Kia bergegas mandi dan ganti pakaian. Ia juga baru ingat kalau belum salat Maghrib. Mungkin alasan ini yang menjadi akar kemarahan papanya.
Selepas salat, Kia mengecek handphonenya. Bisa dipastikan, akan banyak notifikasi setelah ia menyalakan wifi.
Kia meninggalkan hpnya sejenak untuk membiarkan semua notifikasi masuk sembari mengecek paket. Hanya tertera kata 'anonim' di sana. Tanpa alamat atau identitas pengirim lainnya.
Ia membuka kertas pembungkusnya. Masih ada bubble wrap berwarna pink yang menyelimuti barang itu. Di dalamnya terlihat ada kotak polos berwarna coklat. Kia sedikit mengocoknya, tapi ia tak bisa menebak isi dari kotak itu. Setelah dibuka, ternyata masih ada totebag di dalamnya dengan motif galaksi kesukaan Kia. Cukup unik, batinnya. Kia agak menggerutu setelah mendapati kotak lagi di dalam totebag itu. Kali ini kotaknya bermotif abstrak tanpa makna. And finallyy.. Tak sia-sia usahanya membuka paket. Ternyata memang barang segemas ini harus dibungkus dengan sesuatu yang menggemaskan juga. Ada dua kaktus hias berukuran mini dan Patrick yang menyertainya. Kia bingung dengan maksud si pengirim. Mengapa harus ada kaktus dan Patrick?

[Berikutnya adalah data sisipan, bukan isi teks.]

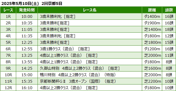 2025年5月10日(土) 京都競馬の全レース予想です。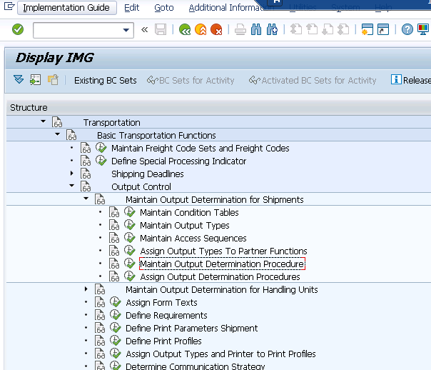 Go to SPRO → Logistic execution → Transportation → Basic Transportation Functions → Output control → Maintain Output determination for shipments → Maintain Output Determination procedure.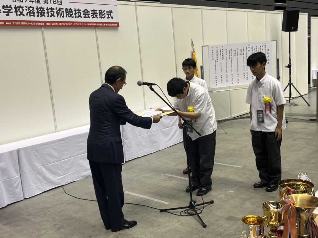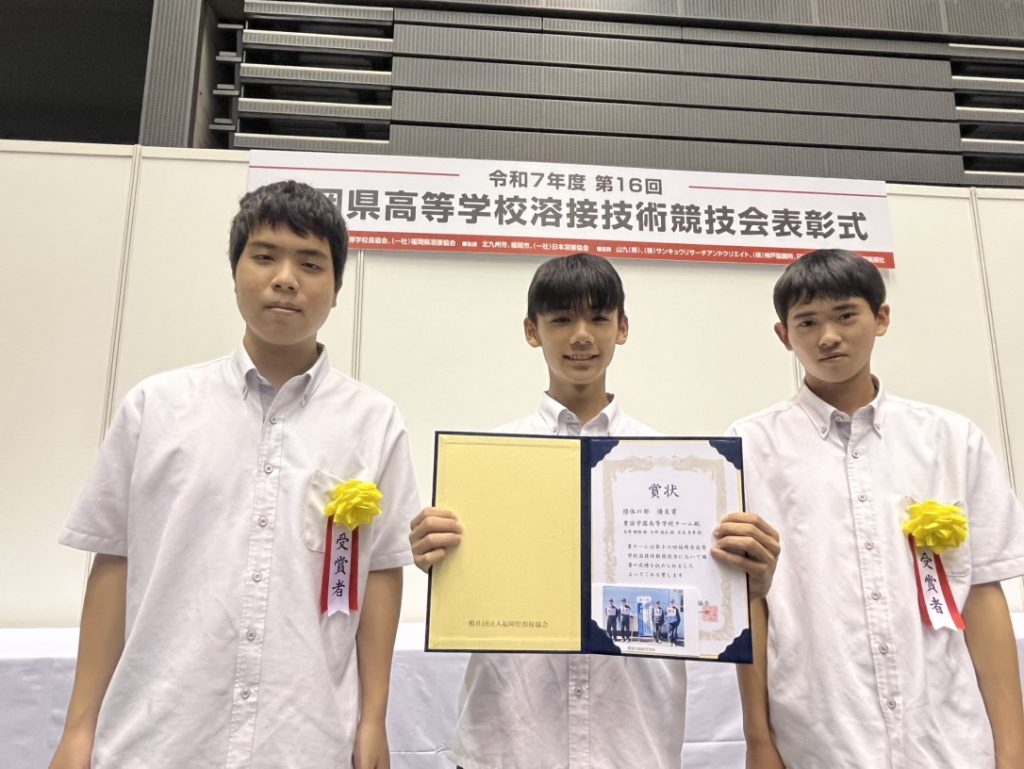 本校は福岡県5位 優良賞で表彰していただきました。福岡県私学唯一の入賞です。表彰生徒機械システム科3年 長野楓雅機械システム科2年 北野誠也機械システム科2年 末永育夢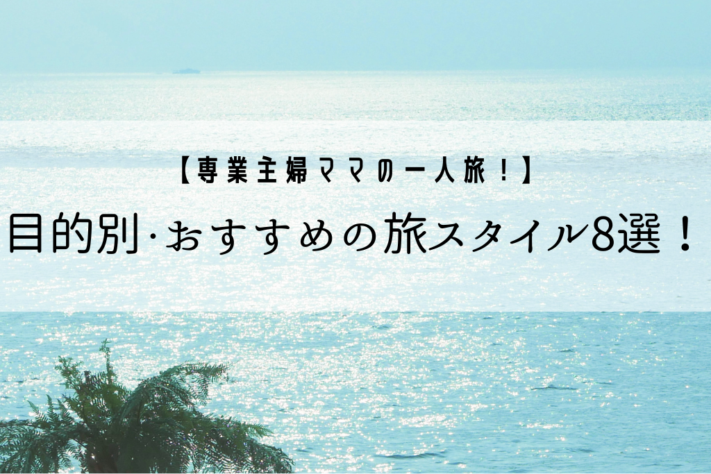 今回は、専業主婦ママにおすすめの「目的別・一人旅のスタイル」を8つをご紹介します。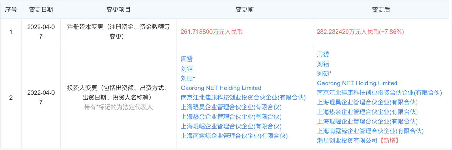 信息显示,4 月 7 日,尊湃通讯科技(南京)有限公司发生工商变更,新增小米关联公司瀚星创业投资有限公司为股东。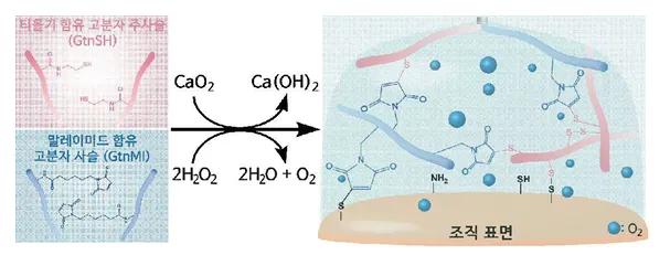 합성된 티올기와 말레이미드기를 함유한 젤라틴 유도체를 혼합하고 과산화칼슘을 첨가하여 하이드로젤을 형성함. 과산화칼슘의 농도에 따라 하이드로젤의 상전이 시간과 기계적 강도를 조절할 수 있음.
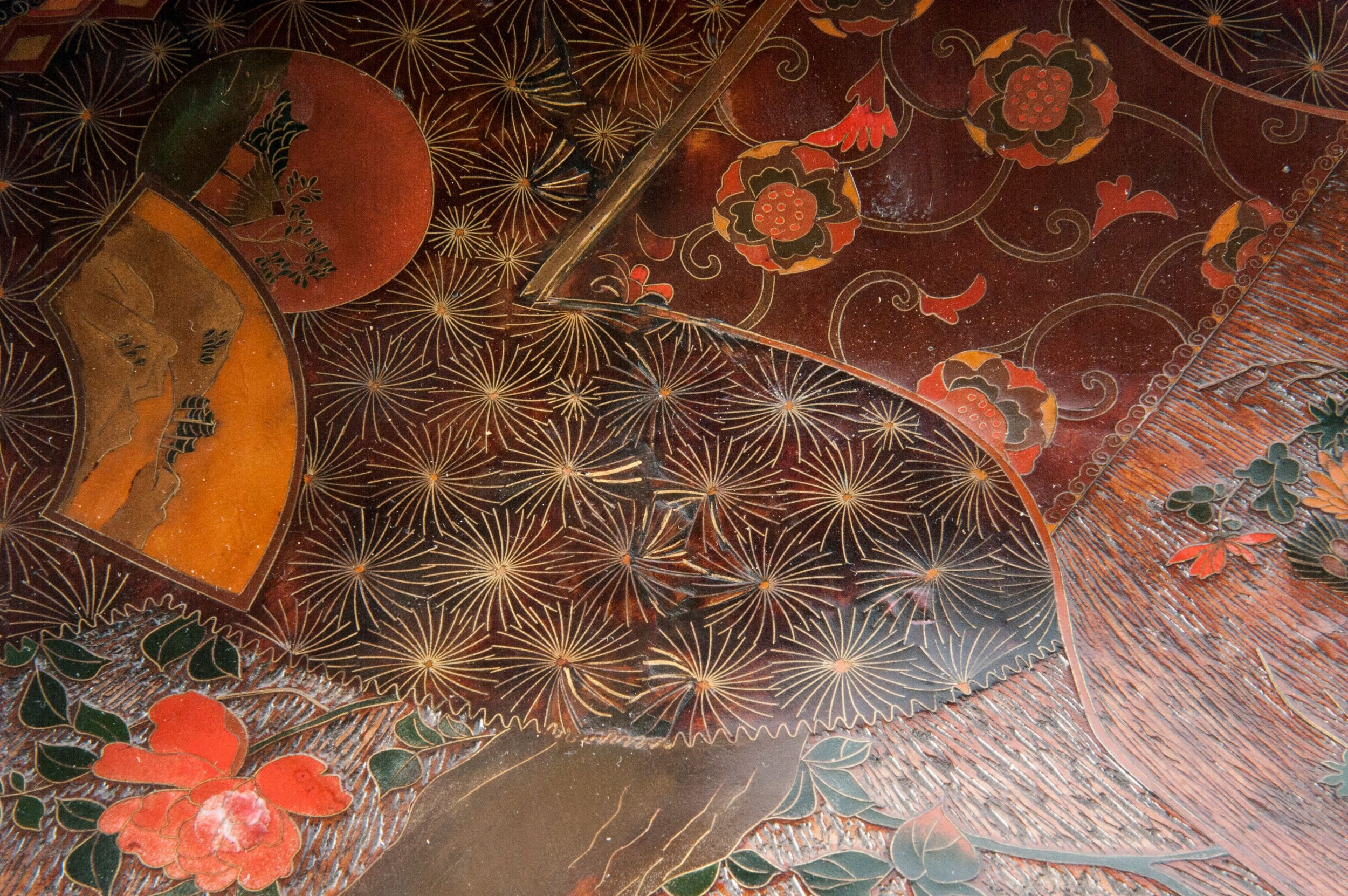 diametro 46 x 6,5 cm Giappone, fine XIX inizi XX secolo policroma a tutto fondo con scene di genere ad alberi ed uccellini tratti dal repertorio dell'estremo oriente. Decorazione a rilievo nello spessore dello smalto. Al retro appoggio ad anello su fondo ribassato in monocromia bianca con decoro floreale in blu cobalto. Stato di conservazione: cadute mateliche di colore
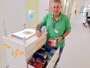Schlusser ist 65 Jahre alt, ausgebildeter Krankenpfleger und freiberuflicher Künstler. Sein Kunststudium finanzierte er selbst, arbeitete nachts in der Pflege, tagsüber künstlerisch. Schon früh beschäftigte ihn das Thema Tod. Heute ist er mit 14 Stunden im Monat auf der Palliativstation tätig – seine Stelle wird vom Förderverein Hospiz und Palliativ für Ludwigshafen und den Rhein-Pfalz-Kreis finanziert. Die Begegnungen mit den Patient*innen bedeuten ihm viel. „Sie sagen oft, ich sei der Gute-Laune-Onkel. Mir macht die Arbeit große Freude und ich habe das Gefühl, ich gebe den Menschen etwas“.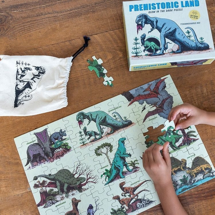 Puzzle świecące w ciemności Prehistoric Land Rex London przedstawiają 9 dinozaurów m.in. pterodaktyl, tyranozaury, chasmozaur, Iguanodon, Stegosaurus. Układanie 100 elementów jest świetnym treningiem dla mózgu, a powstałe wizerunki pradawnych gadów świecą w ciemności ukazując ich szkielet. Dzięki fluorescencyjnej grafice zabawa nie kończy się tylko na samym ułożeniu. W zestawie otrzymamy bawełniany woreczek, który ułatwia przechowywanie elementów. Podpowiedz do ułożenia obrazka znajduje się wewnątrz opakowania.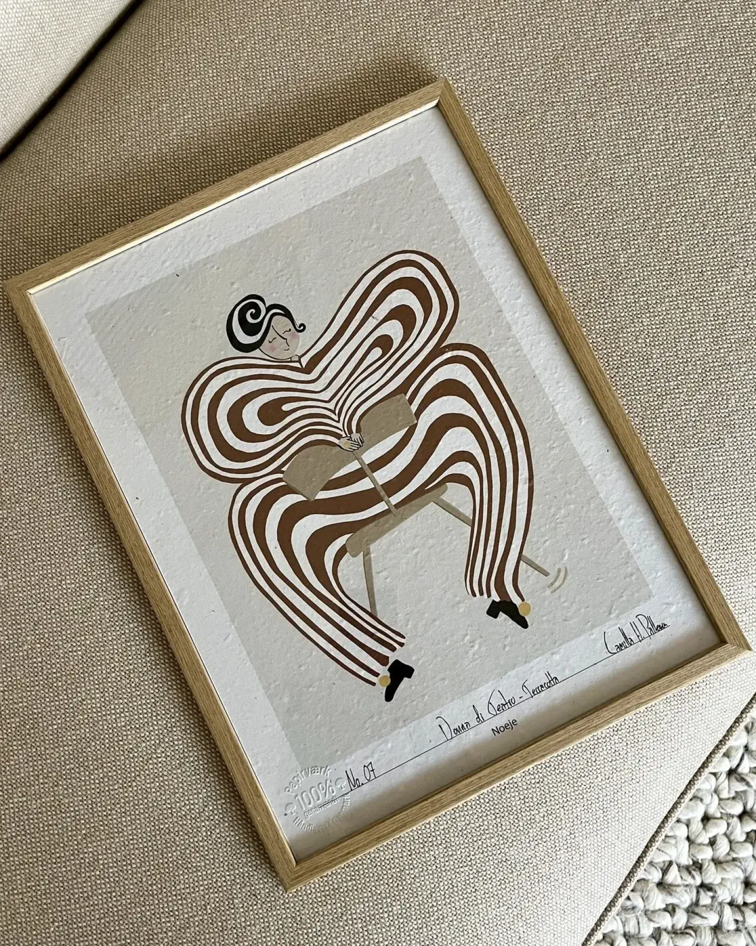 Donna di Teatro er vores første kollektion af unikke kunsttryk, tegnet af den danske designer Camilla Holm Pallesen. Hvert eksemplar er signeret og nummereret i hånden.Kollektionen er trykt på håndlavet papir fra Danmark, hvert kunsttryk vil derfor være helt sit eget, med mindre variationer i papirets udseende og tykkelse. Vores kunsttryk laves i samarbejde med den fynske virksomhed Papirværk, som fremstiller papiret i hånden af genanvendt papiraffald uden brug af lim, kemikalier eller træfibre.På den måde arbejder vi sammen om at skabe smukke kunsttryk af papirrester, og dermed mindske papirspild. Papiret får en lækker taktil overflade, med små nister der fortæller historien om et naturmateriale i cirkulation.

"Wih, ada kartu ucapannya juga ternyata. Tulisannya rapi banget lagi."
Hai, Ki. Well, gue coba memutar otak buat cari hadiah terbaik buat lo. Dan, ya, gue berharap ini bakal jadi gift yang memorable buat lo. Kaktusnya dirawat, ya. Patrick nya juga boleh, kok, buat temen curhat kalau gue lagi sibuk. Hehe. Good night, Ki. Mimpi indah, ya.
"Kenapa Mas Aksa jadi bucin banget sekarang. Makasih, Mas." Kia tersenyum lebar setelah membaca surat itu. Firasatnya sangat kuat mengatakan bahwa Aksa lah pengirimnya. Kia bisa pastikan itu benar.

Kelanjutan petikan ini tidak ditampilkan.